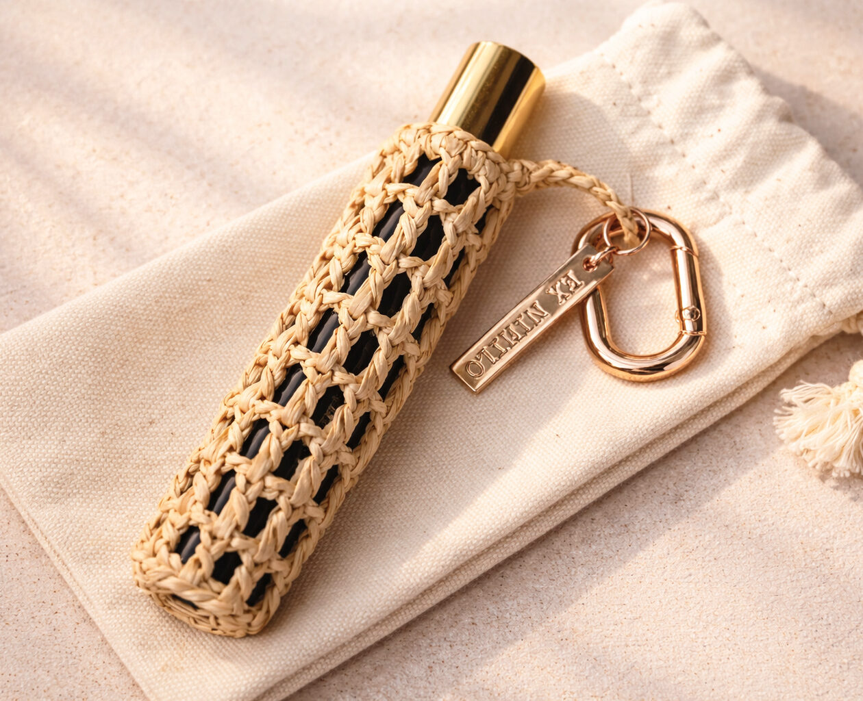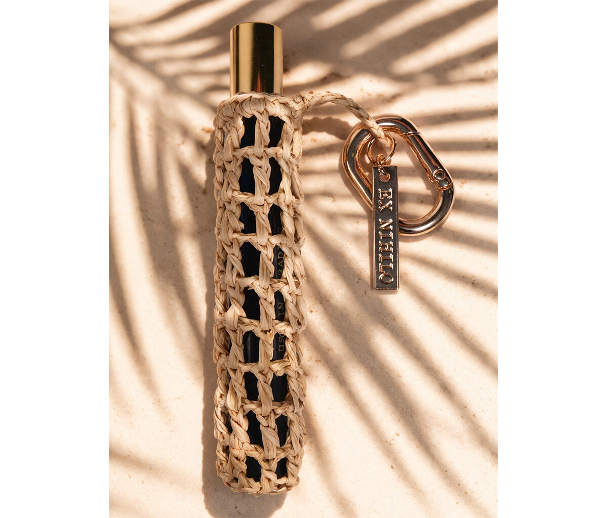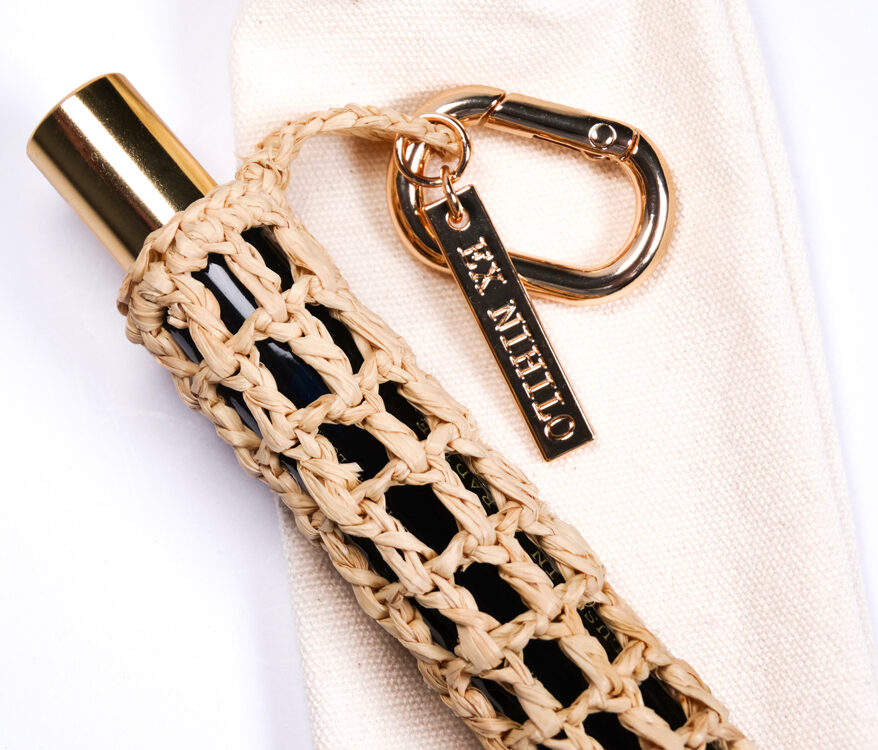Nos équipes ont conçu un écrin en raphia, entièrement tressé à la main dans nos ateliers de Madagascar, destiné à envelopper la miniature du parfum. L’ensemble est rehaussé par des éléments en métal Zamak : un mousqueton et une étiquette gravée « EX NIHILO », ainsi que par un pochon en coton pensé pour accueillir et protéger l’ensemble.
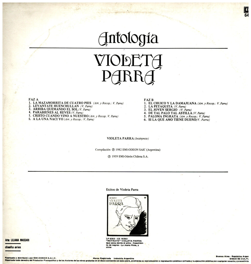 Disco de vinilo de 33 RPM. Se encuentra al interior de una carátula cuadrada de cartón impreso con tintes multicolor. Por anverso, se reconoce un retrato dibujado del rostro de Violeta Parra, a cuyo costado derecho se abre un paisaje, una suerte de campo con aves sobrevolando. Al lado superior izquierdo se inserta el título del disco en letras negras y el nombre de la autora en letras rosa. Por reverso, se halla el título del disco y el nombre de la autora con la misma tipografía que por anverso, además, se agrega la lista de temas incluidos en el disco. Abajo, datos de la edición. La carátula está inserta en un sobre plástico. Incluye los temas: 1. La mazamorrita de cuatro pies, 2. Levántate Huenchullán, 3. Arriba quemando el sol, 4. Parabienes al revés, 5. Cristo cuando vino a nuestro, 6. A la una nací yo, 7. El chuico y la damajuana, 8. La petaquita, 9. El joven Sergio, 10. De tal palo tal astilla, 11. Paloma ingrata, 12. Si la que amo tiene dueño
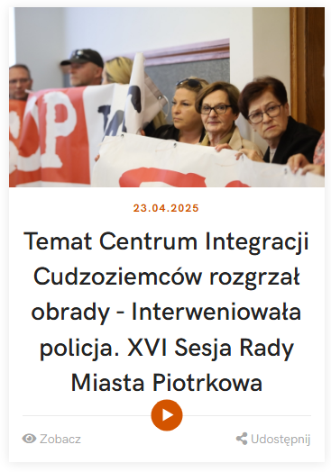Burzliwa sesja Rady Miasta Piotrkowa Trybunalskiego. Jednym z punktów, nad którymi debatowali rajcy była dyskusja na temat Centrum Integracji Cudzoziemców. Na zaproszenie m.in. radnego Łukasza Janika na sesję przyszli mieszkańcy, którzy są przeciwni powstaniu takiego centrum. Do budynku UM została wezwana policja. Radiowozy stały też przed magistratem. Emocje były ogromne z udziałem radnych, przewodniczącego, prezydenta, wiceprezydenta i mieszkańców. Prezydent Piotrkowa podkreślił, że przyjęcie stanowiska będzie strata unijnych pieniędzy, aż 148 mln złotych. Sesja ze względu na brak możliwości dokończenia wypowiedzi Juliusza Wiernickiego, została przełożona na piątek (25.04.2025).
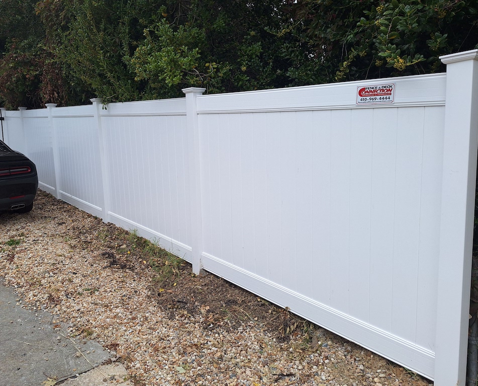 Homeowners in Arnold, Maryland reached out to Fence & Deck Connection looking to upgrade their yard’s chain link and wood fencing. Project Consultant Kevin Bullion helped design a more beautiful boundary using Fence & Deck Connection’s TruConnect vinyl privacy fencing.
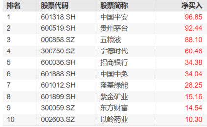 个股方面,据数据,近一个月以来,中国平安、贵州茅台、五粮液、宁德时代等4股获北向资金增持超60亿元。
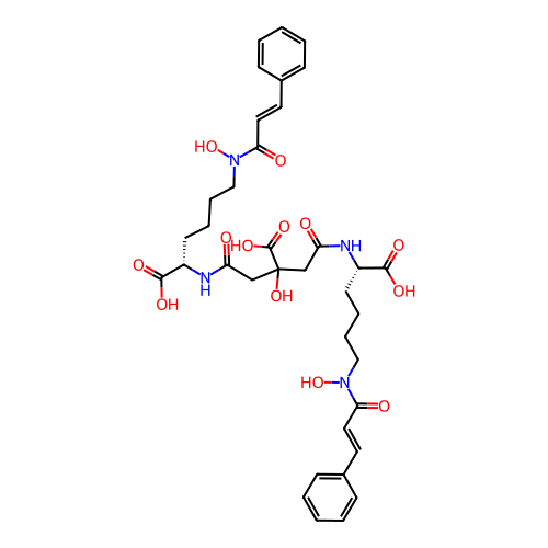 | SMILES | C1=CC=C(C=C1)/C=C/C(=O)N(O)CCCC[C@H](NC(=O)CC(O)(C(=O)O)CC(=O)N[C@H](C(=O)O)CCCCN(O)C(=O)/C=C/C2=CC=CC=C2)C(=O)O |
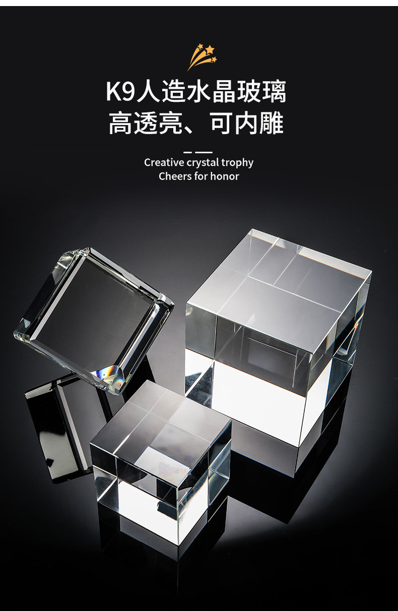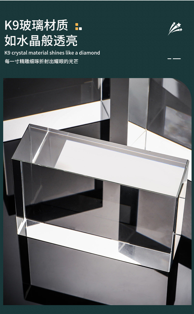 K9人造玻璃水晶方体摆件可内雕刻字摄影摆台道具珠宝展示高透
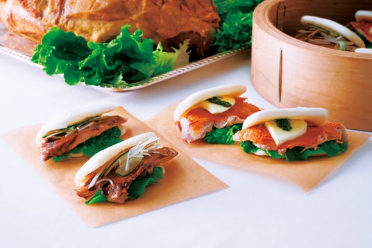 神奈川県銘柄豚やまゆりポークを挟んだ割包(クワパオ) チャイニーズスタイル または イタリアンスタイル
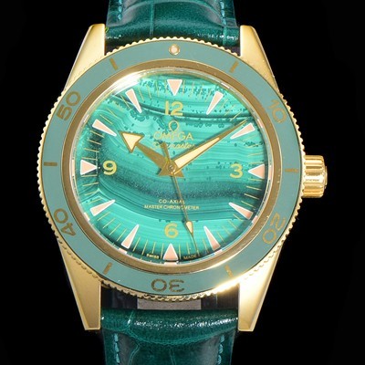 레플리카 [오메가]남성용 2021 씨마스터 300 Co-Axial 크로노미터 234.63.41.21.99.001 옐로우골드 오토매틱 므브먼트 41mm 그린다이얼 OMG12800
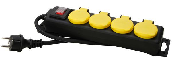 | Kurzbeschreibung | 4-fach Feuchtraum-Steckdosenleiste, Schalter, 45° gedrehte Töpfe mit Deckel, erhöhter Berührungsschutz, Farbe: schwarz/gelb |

...

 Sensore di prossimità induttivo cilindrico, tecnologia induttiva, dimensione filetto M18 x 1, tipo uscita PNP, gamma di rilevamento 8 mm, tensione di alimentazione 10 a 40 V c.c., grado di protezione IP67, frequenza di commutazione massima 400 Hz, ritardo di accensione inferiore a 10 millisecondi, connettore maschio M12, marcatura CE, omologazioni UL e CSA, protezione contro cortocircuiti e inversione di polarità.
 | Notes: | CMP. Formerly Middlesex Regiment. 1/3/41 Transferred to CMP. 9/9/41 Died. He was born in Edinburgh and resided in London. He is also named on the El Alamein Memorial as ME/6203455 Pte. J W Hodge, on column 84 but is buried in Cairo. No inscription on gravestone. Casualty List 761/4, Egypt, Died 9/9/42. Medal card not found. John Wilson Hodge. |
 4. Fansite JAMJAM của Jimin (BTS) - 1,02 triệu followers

--

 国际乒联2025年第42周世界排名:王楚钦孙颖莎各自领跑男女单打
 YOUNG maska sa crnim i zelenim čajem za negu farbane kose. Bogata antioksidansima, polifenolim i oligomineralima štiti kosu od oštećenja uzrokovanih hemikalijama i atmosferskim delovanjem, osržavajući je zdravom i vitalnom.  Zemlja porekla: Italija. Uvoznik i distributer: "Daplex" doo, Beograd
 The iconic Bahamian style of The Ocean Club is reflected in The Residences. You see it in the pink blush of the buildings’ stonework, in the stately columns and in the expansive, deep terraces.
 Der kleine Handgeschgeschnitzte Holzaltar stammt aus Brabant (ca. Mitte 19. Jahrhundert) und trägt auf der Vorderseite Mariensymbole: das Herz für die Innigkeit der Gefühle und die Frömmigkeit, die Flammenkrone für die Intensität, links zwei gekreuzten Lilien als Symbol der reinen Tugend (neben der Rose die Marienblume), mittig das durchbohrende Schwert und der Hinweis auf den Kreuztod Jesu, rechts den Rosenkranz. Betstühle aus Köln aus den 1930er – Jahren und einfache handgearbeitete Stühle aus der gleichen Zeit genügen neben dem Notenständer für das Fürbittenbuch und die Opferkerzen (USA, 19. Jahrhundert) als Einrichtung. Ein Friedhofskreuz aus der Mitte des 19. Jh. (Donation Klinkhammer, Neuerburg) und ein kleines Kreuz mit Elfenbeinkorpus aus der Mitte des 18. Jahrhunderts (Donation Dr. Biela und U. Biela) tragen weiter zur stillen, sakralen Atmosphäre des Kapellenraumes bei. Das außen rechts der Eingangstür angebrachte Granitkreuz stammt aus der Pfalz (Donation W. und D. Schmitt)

DESCRIPTION OF THE TASK:
When you reach the line that has "神奈川県銘柄豚やまゆりポークを挟んだ割包(クワパオ) チャイニーズスタイル または" in the data above, start repeating lines exactly, and stop after the line that has "Farbe: schwarz/gelb |"; pictures stay out.

SOLUTION BELOW:
 神奈川県銘柄豚やまゆりポークを挟んだ割包(クワパオ) チャイニーズスタイル または イタリアンスタイル
 레플리카 [오메가]남성용 2021 씨마스터 300 Co-Axial 크로노미터 234.63.41.21.99.001 옐로우골드 오토매틱 므브먼트 41mm 그린다이얼 OMG12800
 | Kurzbeschreibung | 4-fach Feuchtraum-Steckdosenleiste, Schalter, 45° gedrehte Töpfe mit Deckel, erhöhter Berührungsschutz, Farbe: schwarz/gelb |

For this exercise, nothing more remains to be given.